▶ [Description of the task]:
Word for word, restate the entries below, but exclude the images.

▶ [Task input]:
• • • • • • •

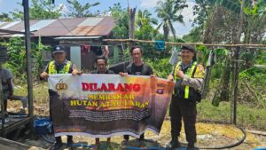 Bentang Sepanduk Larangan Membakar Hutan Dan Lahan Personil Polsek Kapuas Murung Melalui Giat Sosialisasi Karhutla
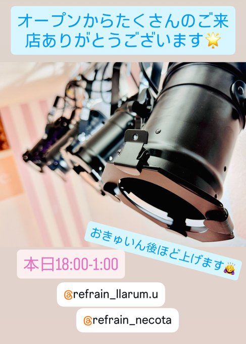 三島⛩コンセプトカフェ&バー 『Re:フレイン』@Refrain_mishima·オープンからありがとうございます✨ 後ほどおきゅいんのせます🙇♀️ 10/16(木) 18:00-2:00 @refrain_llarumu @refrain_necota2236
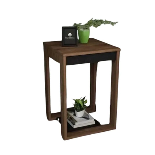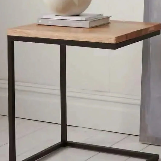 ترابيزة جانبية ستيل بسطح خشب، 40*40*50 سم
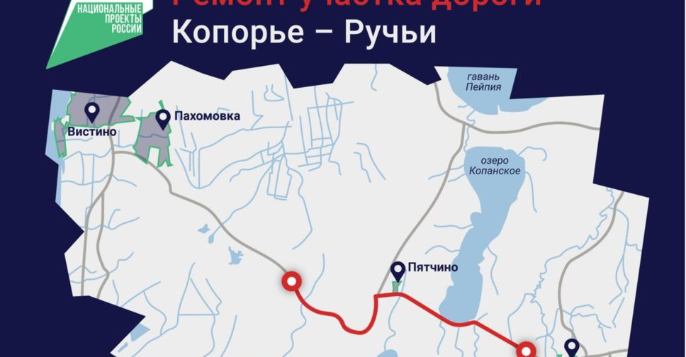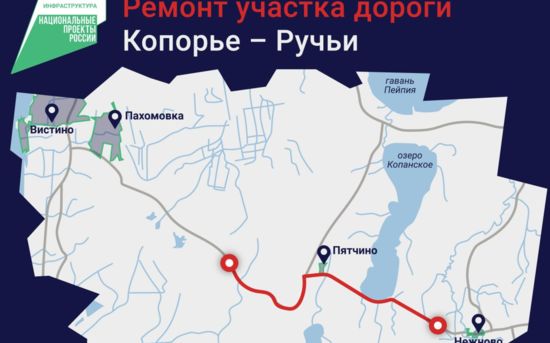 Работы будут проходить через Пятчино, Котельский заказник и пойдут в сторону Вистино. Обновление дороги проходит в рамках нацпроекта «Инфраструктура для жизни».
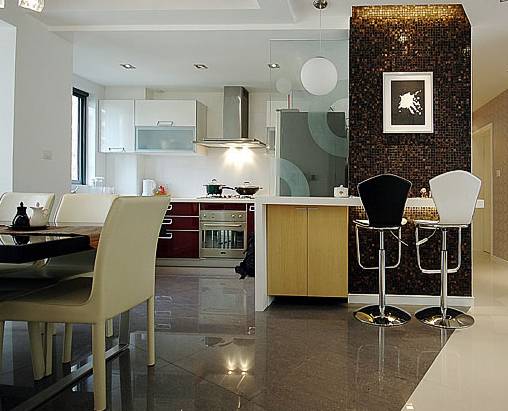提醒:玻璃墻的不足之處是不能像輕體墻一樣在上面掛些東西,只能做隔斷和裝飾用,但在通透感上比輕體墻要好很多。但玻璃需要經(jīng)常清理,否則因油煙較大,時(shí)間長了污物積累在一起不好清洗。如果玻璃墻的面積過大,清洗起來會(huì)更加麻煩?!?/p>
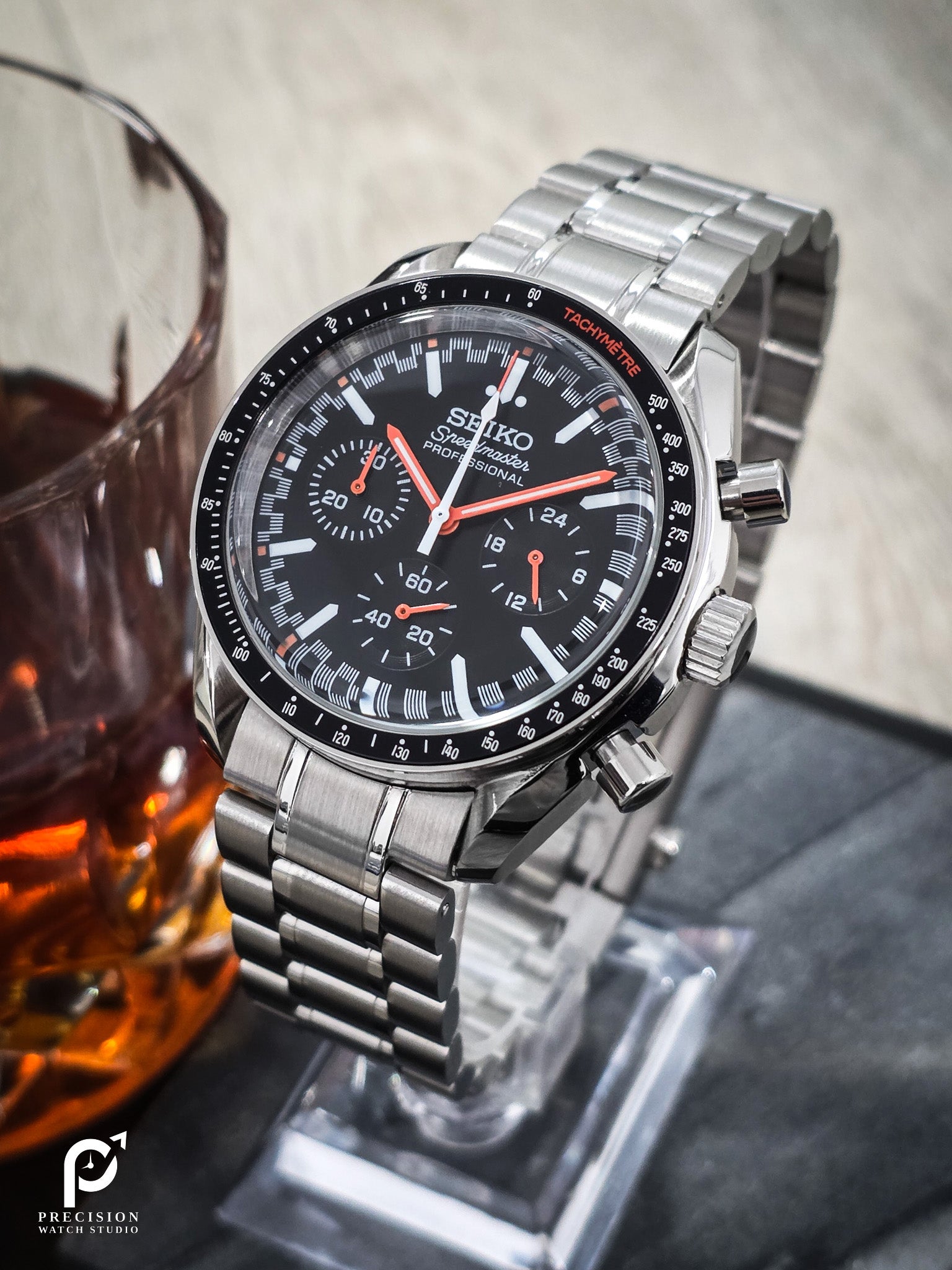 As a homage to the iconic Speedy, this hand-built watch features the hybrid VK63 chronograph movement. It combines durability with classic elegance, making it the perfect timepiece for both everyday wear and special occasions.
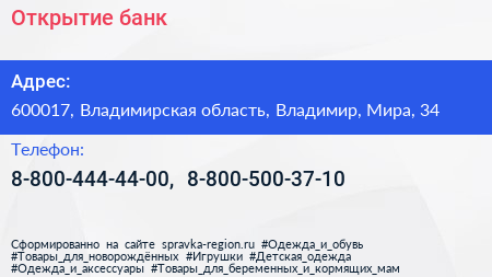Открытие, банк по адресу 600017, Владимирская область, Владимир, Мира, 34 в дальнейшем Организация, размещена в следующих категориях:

• • • • • • •

▶ [Task response]:
 Bentang Sepanduk Larangan Membakar Hutan Dan Lahan Personil Polsek Kapuas Murung Melalui Giat Sosialisasi Karhutla
 三島⛩コンセプトカフェ&バー 『Re:フレイン』@Refrain_mishima·オープンからありがとうございます✨ 後ほどおきゅいんのせます🙇♀️ 10/16(木) 18:00-2:00 @refrain_llarumu @refrain_necota2236
 ترابيزة جانبية ستيل بسطح خشب، 40*40*50 سم
 Работы будут проходить через Пятчино, Котельский заказник и пойдут в сторону Вистино. Обновление дороги проходит в рамках нацпроекта «Инфраструктура для жизни».
提醒:玻璃墻的不足之處是不能像輕體墻一樣在上面掛些東西,只能做隔斷和裝飾用,但在通透感上比輕體墻要好很多。但玻璃需要經(jīng)常清理,否則因油煙較大,時(shí)間長了污物積累在一起不好清洗。如果玻璃墻的面積過大,清洗起來會(huì)更加麻煩?!?/p>
 As a homage to the iconic Speedy, this hand-built watch features the hybrid VK63 chronograph movement. It combines durability with classic elegance, making it the perfect timepiece for both everyday wear and special occasions.
Открытие, банк по адресу 600017, Владимирская область, Владимир, Мира, 34 в дальнейшем Организация, размещена в следующих категориях:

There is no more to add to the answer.